Se a mostra se desdobra numa enorme variedade de artistas e práticas, um nome é sugerido pelo curador enquanto central: o de Eduardo Batarda. Ocupando parte considerável da exposição, a série recente Misquoteros: A Selection of T-Shirt Fronts protagoniza esta relação com um claro humor imediatamente presente no jogo de palavras que a intitula. Nesta série de pinturas, a produção de sentido parece, ao mesmo tempo, amplificada pelo uso do texto e problematizada pela sua incoerência. O contacto com o estranho, o ambíguo - o texto que parece tocar no non-sense - centraliza a experiência que o projeto curatorial procura expandir a todos os objetos que ocupam o Fórum da Maia. É deste modo que, canalizando a mesma energia, a restante exposição articula obras que remetem ao sonho, à ilusão, à criação inocente, ao contacto com epistemologias alternativas, onde a divisão entre alta e baixa cultura se desvanece num espaço que pretende ser horizontal.
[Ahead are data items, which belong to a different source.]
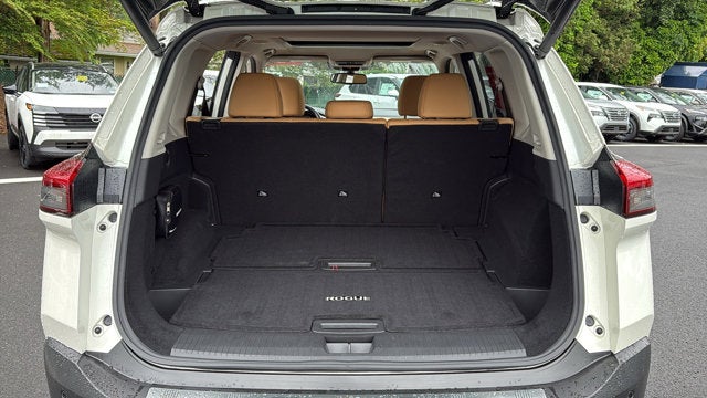 Check out all these great options 10 Speakers, 19" Aluminum Alloy Wheels, 4-Wheel Disc Brakes, 5.604 Axle Ratio, ABS brakes, Air Conditioning, Alloy wheels, AM/FM radio, Auto High-beam Headlights, Auto-dimming Rear-View mirror, Automatic temperature control, Black Splash Guards (Set of 4), Bose Premium Audio System, Brake assist, Bumpers: body-color, Chrome Rear Bumper Protector, Delay-off headlights, Driver door bin, Driver vanity mirror, Dual front impact airbags, Dual front side impact airbags, Electronic Stability Control, Emergency communication system: NissanConnect Services, Exterior Parking Camera Rear, First Aid Kit, Floor Mats w/2-Piece Cargo Area Protector, Four wheel independent suspension, Front anti-roll bar, Front Bucket Seats, Front Center Armrest, Front dual zone A/C, Front fog lights, Front reading lights, Fully automatic headlights, Heads-Up Display, Heated door mirrors, Heated Front Bucket Seats, Heated front seats, Heated rear seats, Heated steering wheel, Illuminated entry, Illuminated Kick Plates, Knee airbag, Leather steering wheel, Low tire pressure warning, Memory seat, Navigation system: NissanConnect Navigation, NissanConnect featuring Apple CarPlay and Android Auto, Occupant sensing airbag, Outside temperature display, Overhead airbag, Overhead console, Panic alarm, Passenger door bin, Passenger vanity mirror, Power door mirrors, Power driver seat, Power Liftgate, Power moonroof, Power passenger seat, Power steering, Power windows, Quilted Semi-Aniline Leather Seat Trim, Radio data system, Radio: AM/FM NissanConnect w/Navigation, Rear air conditioning, Rear anti-roll bar, Rear seat center armrest, Rear side impact airbag, Rear window defroster, Rear window wiper, Remote keyless entry, Roof rack: rails only, Security system, Special Paint - Scarlet Ember Tintcoat, Speed control, Speed-Sensitive Wipers, Split folding rear seat, Spoiler, Steering wheel mounted audio controls, Tachometer, Telescoping steering wheel, Tilt steering wheel, Traction control, Trip computer, Turn signal indicator mirrors, and Variably intermittent wipers. CARFAX One-Owner. Pearl White Tricoat 2021 Nissan Rogue Platinum AWD CVT with Xtronic 2.5L I4 DOHC 16V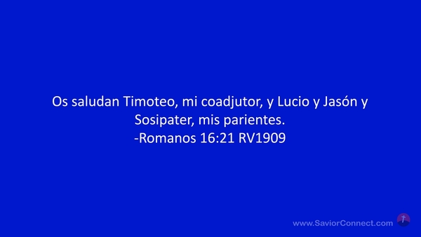 Os saludan Timoteo, mi coadjutor, y Lucio y Jasón y Sosipater, mis parientes. -Romanos 16:21 RV1909
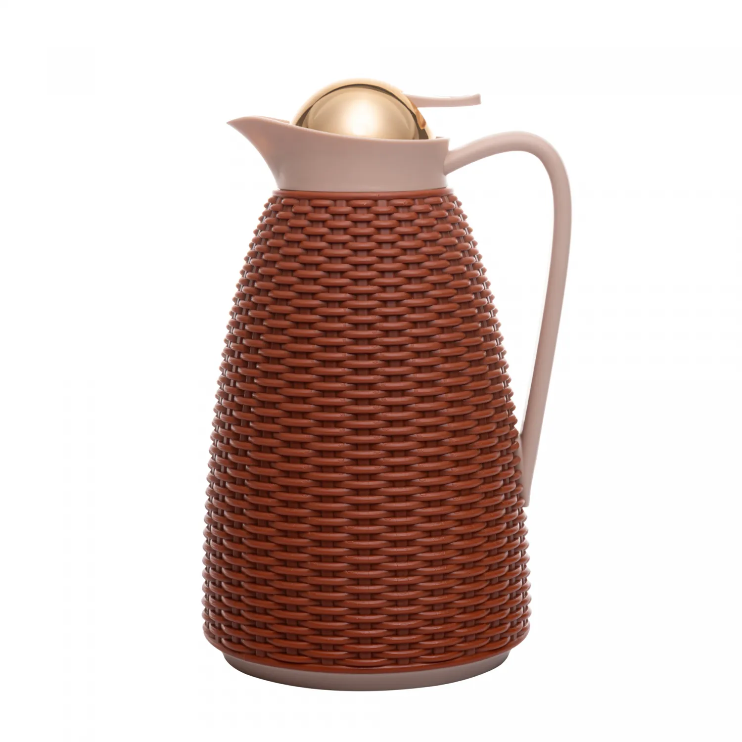 A Garrafa Térmica de Plástico Marrom com Tampa Dourada New Rattan da Wolff oferece uma combinação única de estilo e funcionalidade, proporcionando uma solução elegante para suas necessidades de servir bebidas.

Neste trajeto, encontramos trabalhos como os de André Romão, remetente a uma projeção onírica do estado do sonho; de Francisco Trêpa, que aponta para a construção de entidades e imaginários desprovidos das contingências da experiência; de Jiôn Kiim, que apresenta pinturas abstratas, mas expressivas de uma forte relação espiritual; e de Pedro Huet ou Pedro Moreira, cujo levantamento da cultura pop alicerça a capacidade de pensar o fantasioso. O espaço natural ocupa também um enorme protagonismo, remetendo para um questionamento sobre a centralidade da experiência humana. Encontramos, nos trabalhos de Mariana Vilanova, Rita Castanheira e de Bartolomeu Gusmão, uma oportunidade de repensar o meio artístico como ferramenta de representação que pode recentralizar-se em novos contextos tecnológicos e sociais.
Estamos perante uma Bienal que, através do fulgor, almeja a liberdade perante o caos, e a liberdade perante o sensível que necessariamente reitera o diferente. Então, lembramos: “A Arte luta com o Caos, mas para torná-lo sensível.”3
A Bienal de Arte Contemporânea da Maia pode ser visitada até dia 14 de setembro.
1 Rancière, J. A Partilha do Sensível.